In her mind’s eye, Myra can see the newspaper photograph from the summer when Adam and Rachida and Omar traveled out West: a moose, antlers aloft, standing in the middle of the Salmon River, banks aflame.

36

Were it up to Adam, Eva would never be allowed into the music room, but his mother has gently insisted that Eva, whom he has instructed not to touch the papers on his desk or the boxes in the closet, be permitted once a week to vacuum the rug and dust the piano. Usually, Eva vacuums on Thursday afternoons while he is picking up Omar, Rachida’s plans for doing pickup never having materialized, but this Thursday, the first Thursday in December, when he arrives home with Omar, he can hear the vacuum still running.

Adam forces himself to climb the stairs. Two weeks have passed, during which he’s avoided telling Eva that he can’t find her amulet.

Eva is bent over the vacuum, carefully guiding it between the piano legs.

“Eva, could I talk with you?”

Eva stares at him.

“Could you turn off the vacuum?”

The vacuum stops. Adam points at the wing chair. He drags the desk chair over for himself.

“I have bad news.” He swallows, rests his clammy palms on his thighs. “I seem to have misplaced your amulet. I feel terrible about it. I’ve searched everywhere.”

Eva sits motionless, her lips slightly parted.

“I’m sure it will turn up because I never took it out of the house.
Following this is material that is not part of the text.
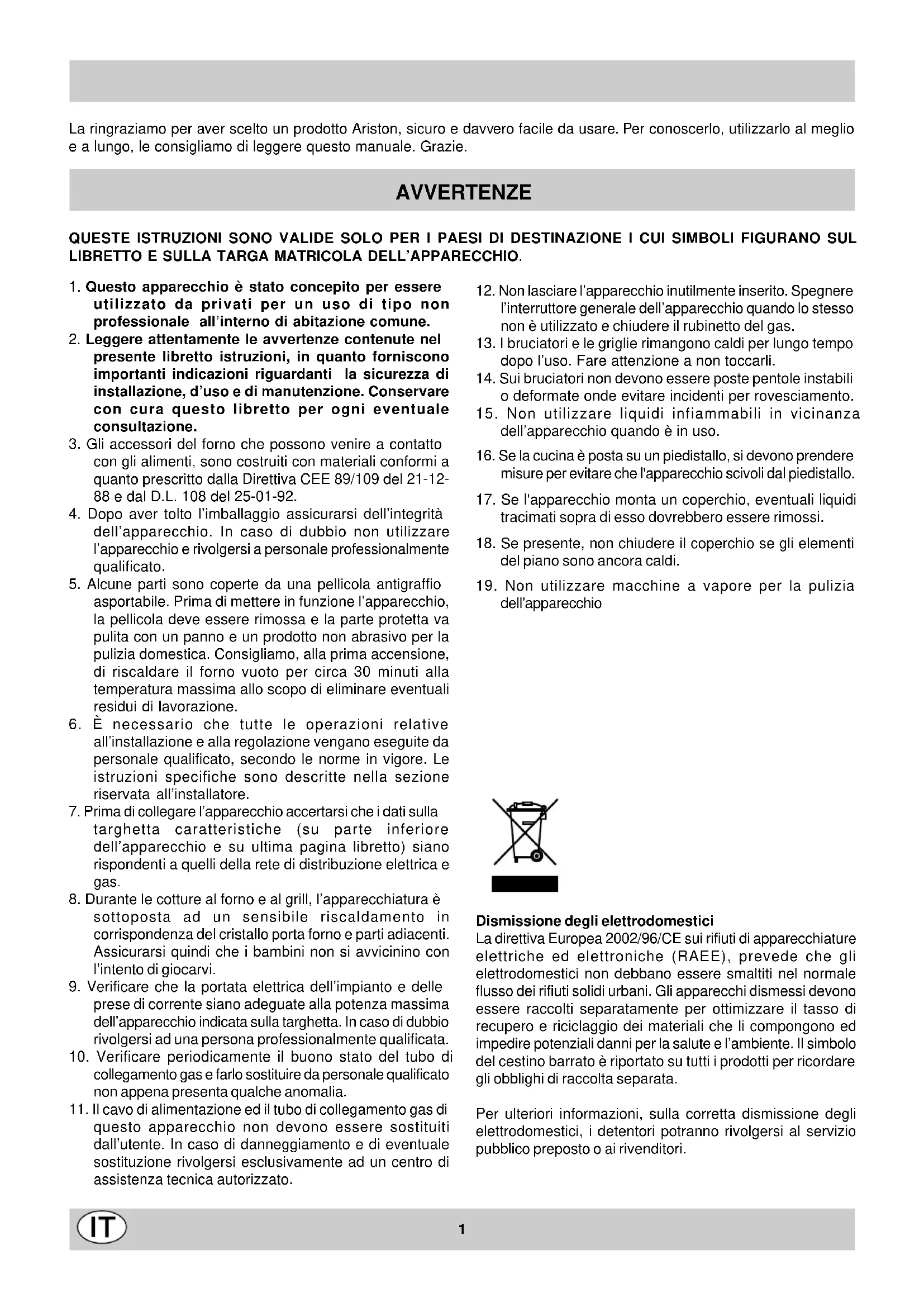 dell'apparecchio Dismissione degli elettrodomestici La direttiva Europea 2002/96/CE sui rifiuti di apparecchiature elettriche ed elettroniche (RAEE), prevede che gli elettrodomestici non debbano essere smaltiti nel normale flusso dei rifiuti solidi urbani. Gli apparecchi dismessi devono essere raccolti separatamente per ottimizzare il tasso di recupero e riciclaggio dei materiali che li compongono ed impedire potenziali danni per la salute e l’ambiente. Il simbolo del cestino barrato è riportato su tutti i prodotti per ricordare gli obblighi di raccolta separata. Per ulteriori informazioni, sulla corretta dismissione degli elettrodomestici, i detentori potranno rivolgersi al servizio pubblico preposto o ai rivenditori.2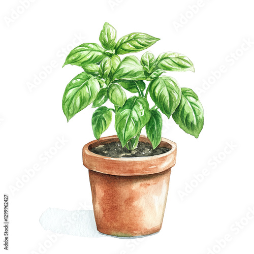 This watercolor depicts a detailed illustration of a potted basil plant with lush green leaves and a pot.

I showed it to Rachida. Then, when I went to get it to give it back to you, I couldn’t find it. Rachida and I tore apart our room. We looked under the mattress. We even rolled up the rug.”
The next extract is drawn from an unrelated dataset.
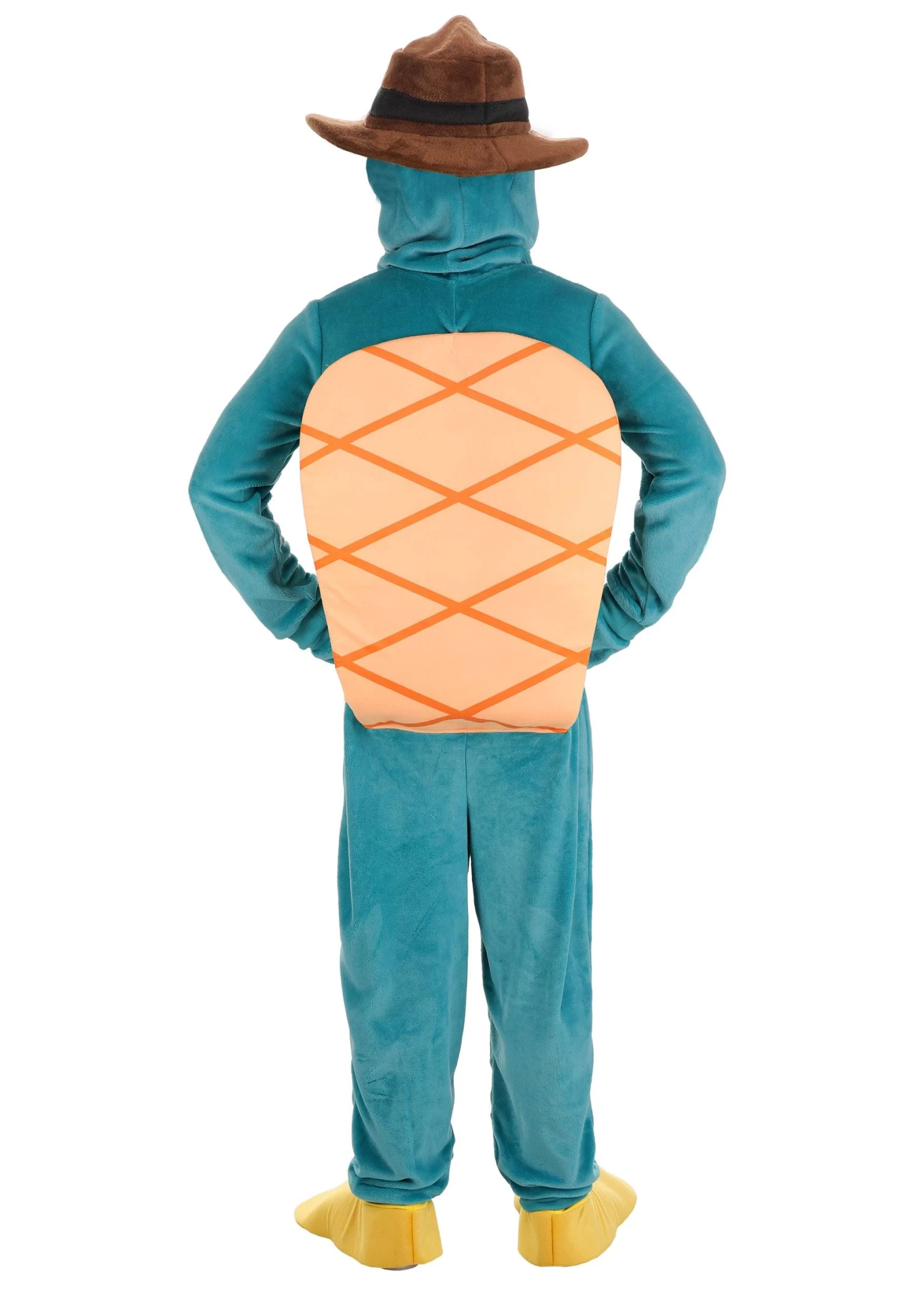 You’ll look just like this semi-aquatic mammal of action from Disney’s Phineas and Ferb when you put on our Adult Perry the Platypus Costume. This comfy jumpsuit is made of plush fabric that imitates the color of Perry’s fur, and it zips down the front for easy changing. His beaver-like tail is attached to the back, and hand and foot covers add the final details. Of course, Perry isn’t Agent P without his hat, which appears on the hood along with his eyes and bill!
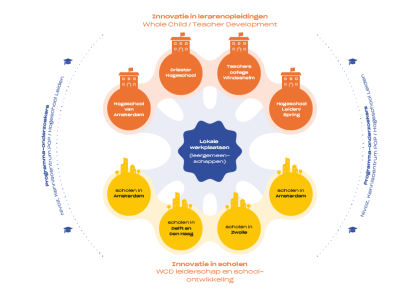 En daarvoor is het vormen van een leergemeenschap, in alle lagen van het project/programma, cruciaal. Van Woerkum: ‘Onze leergemeenschappen zijn zo ontworpen dat de mensen die met elkaar van doen hebben ook daadwerkelijk bij elkaar zitten; een uitgekiende samenstelling van opleiders, leraren, schoolleiders en onderzoekers, zodat onderzoek, opleiding, leiderschap en lespraktijk zich hand in hand ontwikkelen. Maar we hebben ook een leergemeenschap van opleiders, een leergemeenschap van onderzoekers, een leergemeenschap van schoolleiders, en werkplaatsen waarin opleiding en scholen binnen een regio samenwerken.’

Eva does not reply. She appears to be watching Adam’s lips, as though they are strange doggish fish.

“Rachida’s father—he’s a jeweler—is making you another one. I know it’s not the same, and I’m not saying we won’t find yours. But in the meantime, at least you’ll have something.”
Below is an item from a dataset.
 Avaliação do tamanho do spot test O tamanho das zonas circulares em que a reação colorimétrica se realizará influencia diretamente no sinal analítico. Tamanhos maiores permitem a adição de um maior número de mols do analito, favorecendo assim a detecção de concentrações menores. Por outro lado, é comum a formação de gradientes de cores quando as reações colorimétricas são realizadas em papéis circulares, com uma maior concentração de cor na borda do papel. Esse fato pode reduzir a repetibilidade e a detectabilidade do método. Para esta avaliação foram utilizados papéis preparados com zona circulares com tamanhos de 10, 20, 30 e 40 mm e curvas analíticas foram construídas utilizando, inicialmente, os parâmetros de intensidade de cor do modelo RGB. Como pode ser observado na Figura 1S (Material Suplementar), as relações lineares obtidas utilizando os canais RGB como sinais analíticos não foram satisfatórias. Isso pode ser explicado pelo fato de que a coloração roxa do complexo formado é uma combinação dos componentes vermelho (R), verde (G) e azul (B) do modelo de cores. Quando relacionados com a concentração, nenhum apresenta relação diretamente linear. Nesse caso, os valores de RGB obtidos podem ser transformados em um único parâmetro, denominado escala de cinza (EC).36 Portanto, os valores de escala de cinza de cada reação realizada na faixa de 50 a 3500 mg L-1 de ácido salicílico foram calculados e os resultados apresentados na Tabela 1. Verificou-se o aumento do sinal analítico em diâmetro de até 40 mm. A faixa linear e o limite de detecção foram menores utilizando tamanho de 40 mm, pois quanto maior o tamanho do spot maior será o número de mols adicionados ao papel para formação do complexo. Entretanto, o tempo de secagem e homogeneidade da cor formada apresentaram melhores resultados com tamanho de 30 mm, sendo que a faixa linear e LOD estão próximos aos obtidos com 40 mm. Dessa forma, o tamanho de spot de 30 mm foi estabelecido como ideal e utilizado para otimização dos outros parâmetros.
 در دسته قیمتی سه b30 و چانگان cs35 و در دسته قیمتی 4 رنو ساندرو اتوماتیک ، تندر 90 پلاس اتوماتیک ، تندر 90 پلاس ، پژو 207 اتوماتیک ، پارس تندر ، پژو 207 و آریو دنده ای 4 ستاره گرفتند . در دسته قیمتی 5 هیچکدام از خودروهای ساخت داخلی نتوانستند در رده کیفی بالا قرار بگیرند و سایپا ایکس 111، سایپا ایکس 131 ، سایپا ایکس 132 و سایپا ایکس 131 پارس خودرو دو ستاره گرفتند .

Adam’s armpits are pouring sweat. He would not have felt worse if he were telling a kid he’d run over her dog.

“Can I go back to vacuuming?”

37

“My mother always say never tell anyone anything,” Eva tells Myra the following day.

“Many children are told that.”

“If I tell you things, you will think I am lying.”

It is she, Myra, who feels like the liar. She told Dreis she would insist that Eva go to a clinic, that their talks cease. And she has tried. She made a third clinic appointment, which Eva also missed, but it was followed by a week during which Eva retrieved Myra’s tray without sitting in the patient chair, so that Myra had thought, Well, she understands even if she won’t go see another therapist. The following Monday, though, Eva was back in the patient chair. Before Myra could say, You can’t sit here with me in the office, Eva resumed. Rags. Her father had stuffed rags soaked with kerosene in the corners. It was night, her mother asleep in the back bedroom. At the last minute, with the house already filling with fumes, he dragged Eva and her sister outside. He put them in the chicken coop and told them not to move. Then he crept into the kitchen and threw a lit match.

“All I have left from my mother is the amulet she give me.” Eva touches something hanging under her shirt.

“Now you will quit me,” she continues.

“Quit you?”

“Make me leave.”

“Why would I make you leave?”

“The people who want it.”

“Who want what?”

“When my sister tell her teacher that our mother die, my father hit her in the mouth with a rock.”

Myra’s buzzer rings.

After Eva leaves, Myra stands to stretch her back. She bends forward, her head and arms dangling down. A wave of dizziness, then nausea, comes over her, and for a moment she wonders if the sandwich Eva made for her was spoiled.

She walks toward the waiting room, not thinking, as she usually does, about the patient she will greet, the mood she might encounter, the link to what happened in his last session, her mind still on Eva so that the sight of her patient’s face comes as a jolt, like a boat bumping against a dock, an undertow of fear in its wake.